Mastering Classification Metrics: A Beginners Guide [Part 3: Importance of ROC-AUC Curves]

10 min readMar 30, 2023

Chapter 3: “Evaluating Imbalanced Data: The Importance of ROC-AUC Curves (MCC, Balanced Accuracy & Cohen’s Kappa)”

Chapter 1: “Understanding Basic Classification Metrics: Accuracy, Precision, and Recall”
Chapter 2: “Balancing Precision and Recall: F1, F0.5, and F2 Scores Explained”
Colab File: Colab File on Github
Dataset: Bank Marketing Data

1. Introduction

In the previous two parts of this article series, we explored various classification metrics and their significance in machine-learning problems. In Part 1, we covered the basics of classification metrics, including accuracy, precision, and recall. We demonstrated their application using a spam classification dataset and a breast cancer dataset. In Part 2, we delved deeper into F-Scores (F1, F0.5, and F2), understanding their trade-offs and when to use them in different scenarios. We used a credit card fraud dataset to illustrate the importance of F-Scores in imbalanced classification problems.

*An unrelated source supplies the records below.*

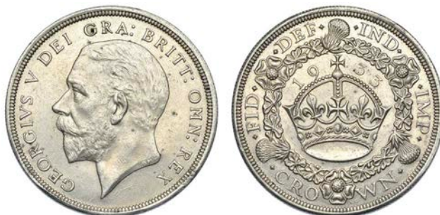
607 Crown, 1933 (ESC 373; S 4036). Some surface marks, otherwise almost extremely fine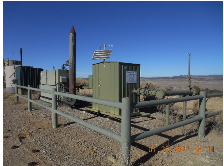
Separator and Meter Housing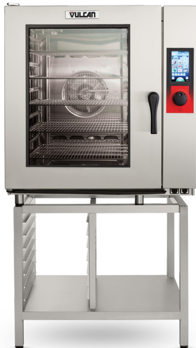
Model TCM101E Shown on optional stand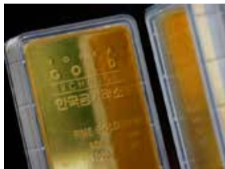
Gold bars are pictured on display at Korea Gold Exchange in Seoul, South Korea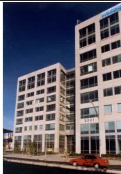
Pacific Plaza Office Building, Daly City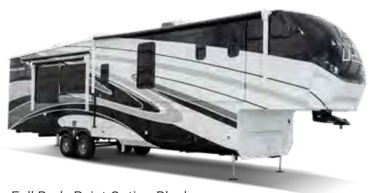
Full Body Paint Option Black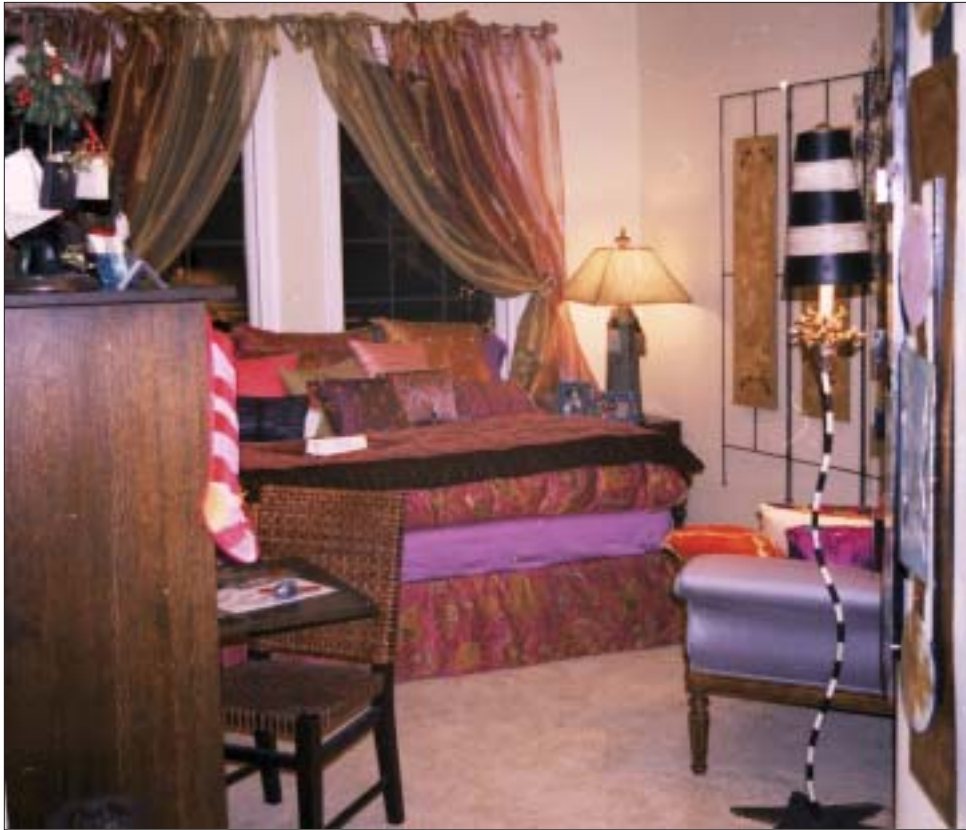
The "Make a Wish" room decorated in pinks and purples finds its inspiration in a little girl's wish trip to Australia.

In this final part of the series, we will shift our focus to another essential evaluation metric: the Receiver Operating Characteristic (ROC) curve and its Area Under the Curve (AUC). The ROC-AUC is particularly useful for evaluating classification models in imbalanced datasets, as it helps us understand the trade-offs between true positive rates and false positive rates. In this article, we will cover:

The intuition behind the ROC curve and AUC, and why they are essential in classification problems.
How to calculate and interpret the ROC-AUC metric using a real-world dataset.
Comparing various classification models using ROC-AUC scores.

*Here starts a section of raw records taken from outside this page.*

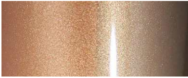
Sumica™ Bronze 4964 (10-60µm)

Natural mica platelets coated with Iron Oxide offering lustrous bronze, copper & maroon effect finishes. Available in standard & sparkle particle size distributions.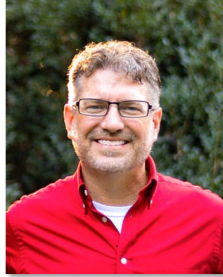
"Your pastor feels your pain more than you know."

when the state of things change rapidly. They see how vital ministries have been put on hold and long for a day when they can begin again. Your pastor feels your pain more than you know. He bears your burdens even when you don't notice. So, thank you for extending some grace to him as he seeks to follow God down this uncertain path.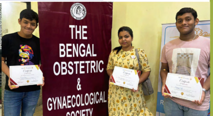
District Blood Donation Camp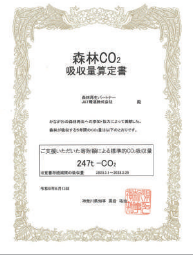
Valuation report on CO_2 absorption by the forest

*For details about the Reforestation Partner Program, please refer to: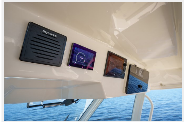
Additional electronics at the helm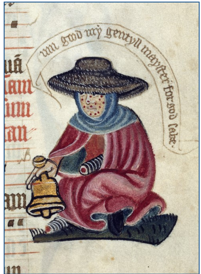
British Library, Pontifical (c.1400), BL Lansdowne MS 451, f. 127.

Medieval pilgrimage was a concentrated exposure to a world of broken limbs and diseased flesh. It was axiomatic in the Middle Ages that the rich had doctors and the poor had pilgrimage, so the stream of travellers struggling to reach their shrines was often a spectacle of suffering that evoked both pity and revulsion. At the entrance to many major towns were hospitals dedicated to Saint Lazarus, charitable leprosaria that isolated travellers who were barred from entering the city. That disease in particular brought a double burden since it had no known cure or treatment and was widely and erroneously presumed to be a venereal infection. A cure through the intervention of a saint – an outcome rarely documented in the Middle Ages – was a leper's only hope. [13]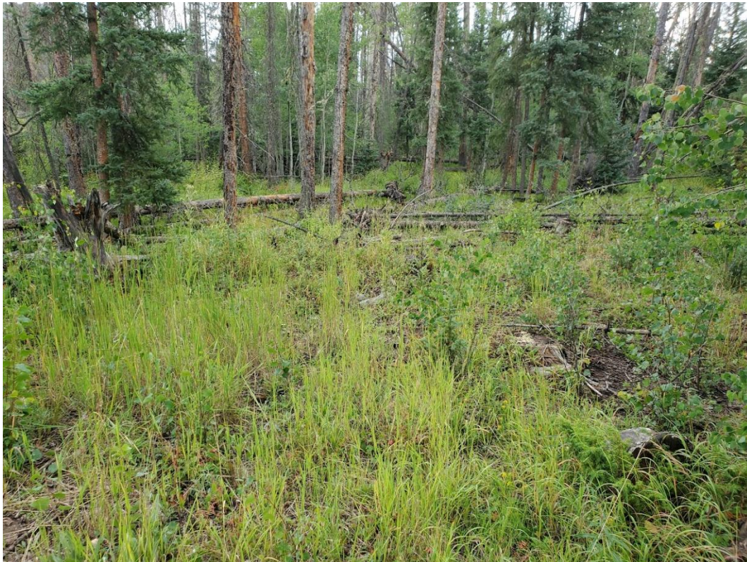
Photo 1: View to the south of undeveloped AC-1 pad location in Rat Creek drainage.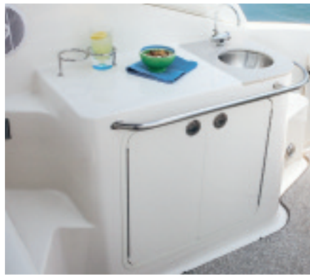
The elegant cockpit wet bar features Corian® countertop and stainless-steel faucet.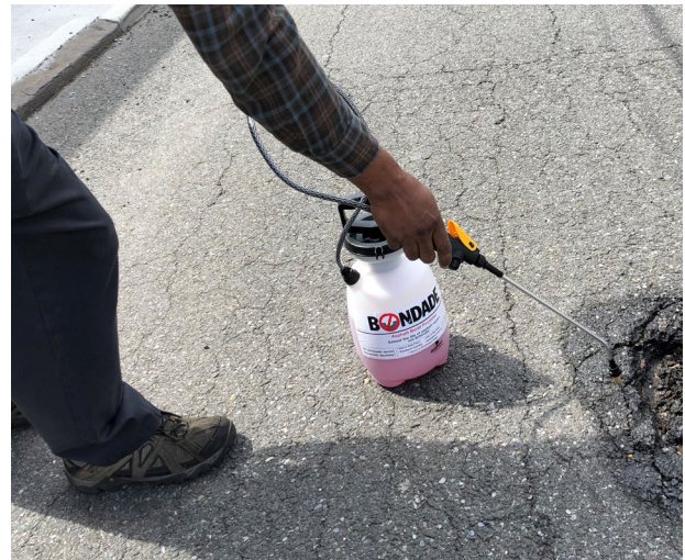
Bondade® is available in 5 and 55 gallon containers. *Call or visit our website to order trial size with sprayer.

For this article, we will be using the “Bank Marketing” dataset, which contains information about a direct marketing campaign of a Portuguese banking institution. The goal of this dataset is to predict whether the client will subscribe to a term deposit, making it an ideal case study for demonstrating the use of ROC-AUC curves in an imbalanced classification problem.

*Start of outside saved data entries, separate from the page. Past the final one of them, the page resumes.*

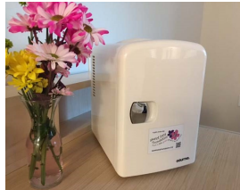
Here is a photo of a mini-refrigerator the Foundation donated to RMH of Michiana.

The Sweet Pea Foundation was honored to donate 20 mini-refrigerators, one for each of the guest bedrooms. This will allow nursing mothers to store milk for their sick children in the privacy of their own rooms.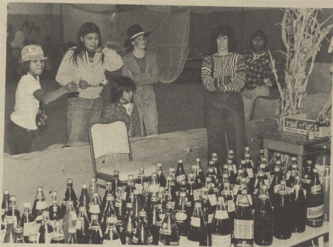
POP AND SPOOKS — Halloween night found kids at the community center carnival and costume judging after freaking out Warm Springs neighborhoods.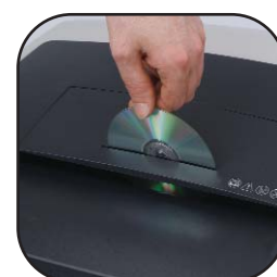
Safely shreds CD's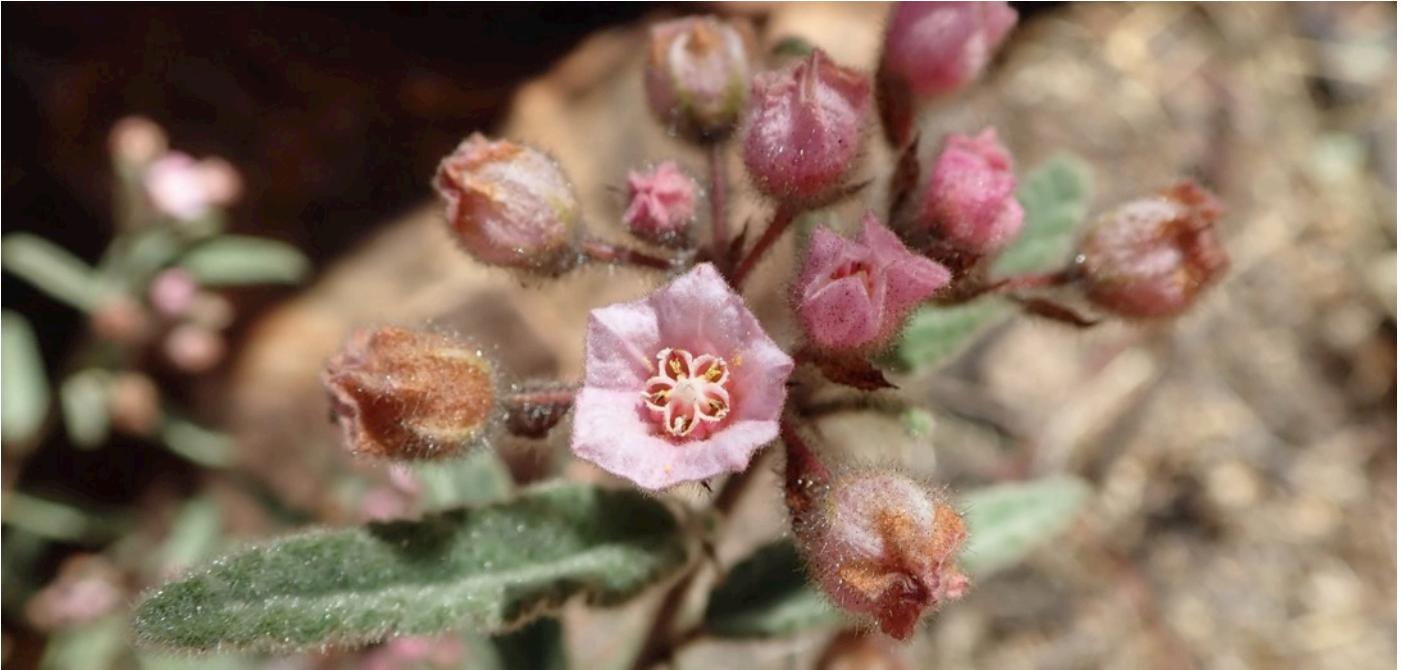
The bushes, some up to 4m high, were covered in delicate pink flowers set off by the hairy grey-green leaves.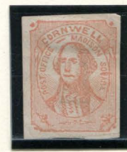
FORGERY B SCOTT 1¢ PALE RED ON CREAM (52L2)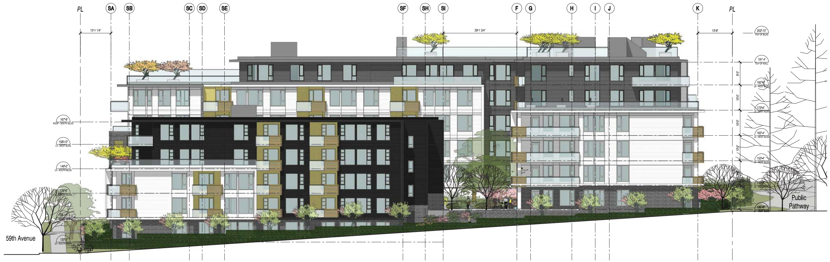
1 East Elevation DP 3.02 SCALE: 3/32" = 1'-0"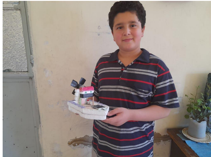
One of Amro's creations: a boat powered by batteries.

It is this kind of accompaniment, the attentiveness to the abilities of each child, that we hope to provide for all of our students for them to be free to pursue their dreams.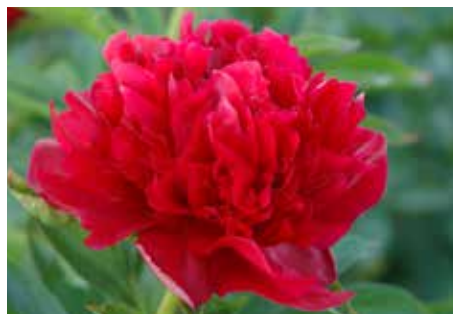
Viking Valor $32 (Pehrson/Seidl 1989)

Pink, double, lightly fragrant, late midseason, 28" tall, lactiflora. Shell pink that fades with flower maturity. Good stems and foliage.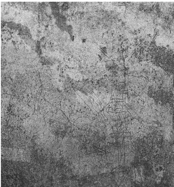
Figure 5. San Marco Basilica, western wall of the southern transept, orthophoto of the Crucifixion scene, edge-detection

It is anticipated that, due to the intrinsic features of the marble slabs used in San Marco, and characterized by linear veins, the algorithms created several artefacts which were discarded by manual and visual inspections at a later stage.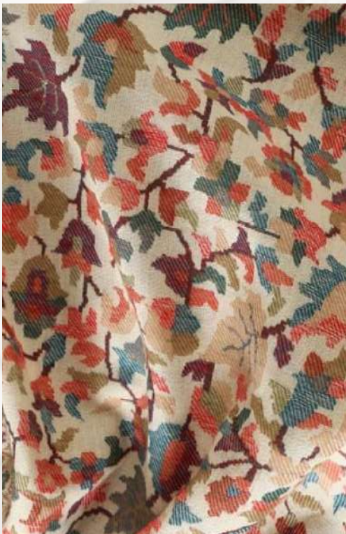
Zari Shimmers Shawl M.R.P:-7K TO 3L

Stay tuned as we unravel the concepts and applications of the ROC-AUC metric and learn how it can help you make more informed decisions when selecting classification models for imbalanced datasets.

2. Dataset Selection and Sourcing

In this article, we will be using the “Bank Marketing” dataset to demonstrate the importance of ROC-AUC curves in evaluating classification models for imbalanced datasets. The dataset contains information about a direct marketing campaign conducted by a Portuguese banking institution. The goal is to predict whether a client will subscribe to a term deposit, making it a binary classification problem.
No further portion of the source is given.